There is a bias towards simplicity in our job search. We want to find that job using the one tool that is better than all others — the silver bullet. The one that will nail our new job, the tool where one size fits all to help us in our career.
Consequently, pundits will compare Monster versus Aliens (er, Career Builder…), job boards to Twitter, Facebook to Monster and on and on and on all searching for the silver bullet of what’s best. Others analyze sites that help you find and track your job like UpMo and, my favorite, Jibber Jobber. People write about being on LinkedIn and Facebook and how it can help you in your job search. There are social networks and business networks that will tell you the best way to find a job.
There are silver bullets out there everywhere.
After a while, it all ends up as noise. There is so much information, we get overloaded and we stop doing anything because of the abundance of choices. Every tool and job search approach is a silver bullet. And every tool and job search approach is not.
How do we know the best tools for our job search?
If you wanted to research all of the tools and come up with one tool that fits all, you will fail. The truth of the matter is that diverse search tools must be used to find your new job. Just as there are no longer three television networks, but hundreds, one can’t just look at the newspaper want ads and find your new job. The world has changed.

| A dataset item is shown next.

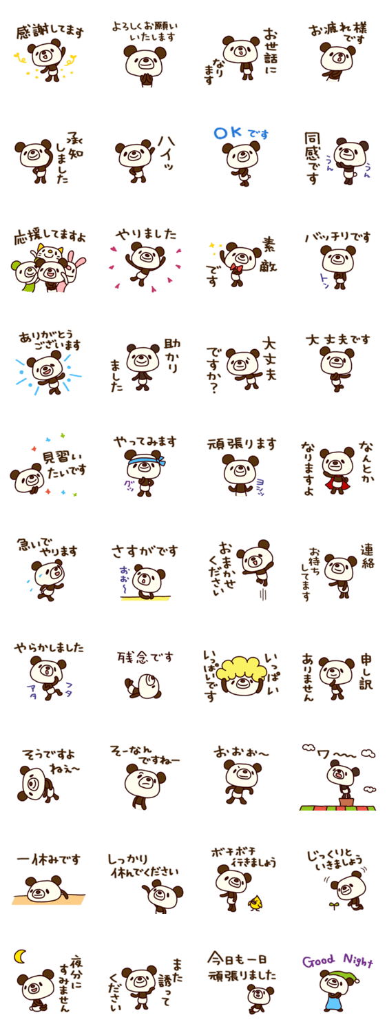 | スタンプ説明 | しゃかりきなパンダ第3弾。今回は敬語編です。礼儀正しい丁寧な言葉は気持ちがいい。今日もシャカリキに敬語を使おう。家族、友人、お仕事、学校でも。 |

What has not changed is our needs for what a job offers. What is more stable is our job skills and the reasons we like doing the work we have chosen to do.
So to find the right tools for our job search, the very first step is knowing what it is we want to do, why we want to do it, and the type of group we like working with to bring out our best work.
Once we know ourselves, no easy matter, it is easier to find the right tools for the job search. The big job boards become less relevant to our job search than smaller ones that focus, say, on our green job wishes. The vast array of recruiters now narrows in focus to the ones that recruit in our work space that is best for us.
Now we can ask our business network for help in finding us our best work because we can clearly answer the “what type of work are you looking for?” question. Now we can use tools like Jibber Jobber to target the companies that best fit the corporate culture that works best for us.
So the silver bullet of job search is this: we need to know our job skills, why we like the work, and the best corporate culture fit. Only then can we find job search tools that support the way we work best.